• _Excerpted records_
[Start of Attachment]

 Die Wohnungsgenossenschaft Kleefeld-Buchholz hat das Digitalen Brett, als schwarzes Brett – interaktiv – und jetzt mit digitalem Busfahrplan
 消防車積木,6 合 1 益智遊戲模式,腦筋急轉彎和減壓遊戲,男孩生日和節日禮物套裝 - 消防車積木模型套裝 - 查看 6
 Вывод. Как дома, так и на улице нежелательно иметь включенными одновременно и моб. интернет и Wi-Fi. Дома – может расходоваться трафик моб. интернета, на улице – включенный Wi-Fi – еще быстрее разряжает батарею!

[End of Attachment]
[Start of Attachment]

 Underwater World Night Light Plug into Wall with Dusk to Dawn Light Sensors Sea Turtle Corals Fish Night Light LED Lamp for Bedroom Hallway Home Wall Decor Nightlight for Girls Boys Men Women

[End of Attachment]

• _Prompt_
Look above for the line holding "消防車積木,6 合 1" and the line holding "Вывод. Как дома, так", then output exactly those two lines and every line between them, nothing more.

• _Answer below_
 消防車積木,6 合 1 益智遊戲模式,腦筋急轉彎和減壓遊戲,男孩生日和節日禮物套裝 - 消防車積木模型套裝 - 查看 6
 Вывод. Как дома, так и на улице нежелательно иметь включенными одновременно и моб. интернет и Wi-Fi. Дома – может расходоваться трафик моб. интернета, на улице – включенный Wi-Fi – еще быстрее разряжает батарею!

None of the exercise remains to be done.